TOTAL ECLIPSE is as ruthless as its poets. It concedes nothing to the audience's desire to find a redeeming value in its literary figures. The beautiful cinematography shows Rimbaud and Verlaine in lighter moments relieving themselves from the intense concentration of work, but there is nothing pastoral in these interludes. The country scenes say nothing about the corruption of society and are not used to enhance our sympathy for the poets. They are not escaping social constraints so much as they are anarchists of the spirit. Has there ever been a film that showed artists in a less flattering light? DiCaprio and Thewlis do not look any better in nature than they do in society. It is very difficult to make a film in which there is no sympathy for rebellious characters, but TOTAL ECLIPSE achieves that distinction and thus overturns much of the modern mythology of modern literature and film, which has made the outcast the hero, and the criminal the scapegoat--all of whom have been misunderstood and sensitive souls, perverted by society. Artists, in this mythology, have been noble savages, versions of Rousseau's view that left in his natural state man is incorrupt. But it is clear that TOTAL ECLIPSE views its poets as quarrelling with human nature itself. Rimbaud, in particular, is not just angry at society or at poets who form clubs and read to each other, he is upset about the self-deceiving aspect of human nature itself. He begins by acknowledging his own selfishness and detests everyone who does not follow suit. He feels threatened when Verlaine asks him for a declaration of love precisely because he feels love yet knows it is mixed up with his own egotism. He can say he loves, but only with a knife driven into his friend's hand. It is a painful revelation: love can be a stabbing sensation, hurtful as well as helpful.

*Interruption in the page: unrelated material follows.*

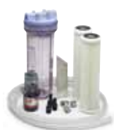
Silt Reduction Kit

For waters with high levels of suspended matter, e.g. in shallow anchorage, we would recommend you use an additional prefilter. This additional filter is finer (5 microns - 1 micron = 0.001 mm) than the standard filter (30 microns) and is placed after it. A booster water pump (12V/0.8 A/h) is also provided. This pump compensates for the loss through the second filter and increases water production. We would also recommend the prefilter kit when the PowerSurvivor is not installed under the water line and when it is in constant use to increase the intervals between servicing.

To say that TOTAL ECLIPSE is not to everyone's taste is an enormous understatement. Seldom has a film provoked so much distaste among reviewers. Even if one concedes its bold and novel purpose--to attack a modernist view of writers which perhaps has itself become too pious, too sentimental, too self- regarding--and can bear its cruelty, a clearer view of what Verlaine and Rimbaud wrote might have been apposite. What were those words the poets were seeking? How does their poetry correspond to their experience? It is notoriously difficult in a visual medium to make writers' words vivid and to show the writing process itself. Holland wisely avoids those cliched scenes of the writer writhing at his desk, but without finding some fresh equivalent, Holland and screenwriter Christopher Hampton have left themselves exposed to the charge of dwelling solely on the lives and not the work. Reciting poetry would, of course, retard the film's movement, just as literary analysis in biographies arrests the narrative. Yet without taking the risk of becoming uncinematic, TOTAL ECLIPSE falls short of becoming a completely satisfying film. (Reviewed by Carl Rollyson.)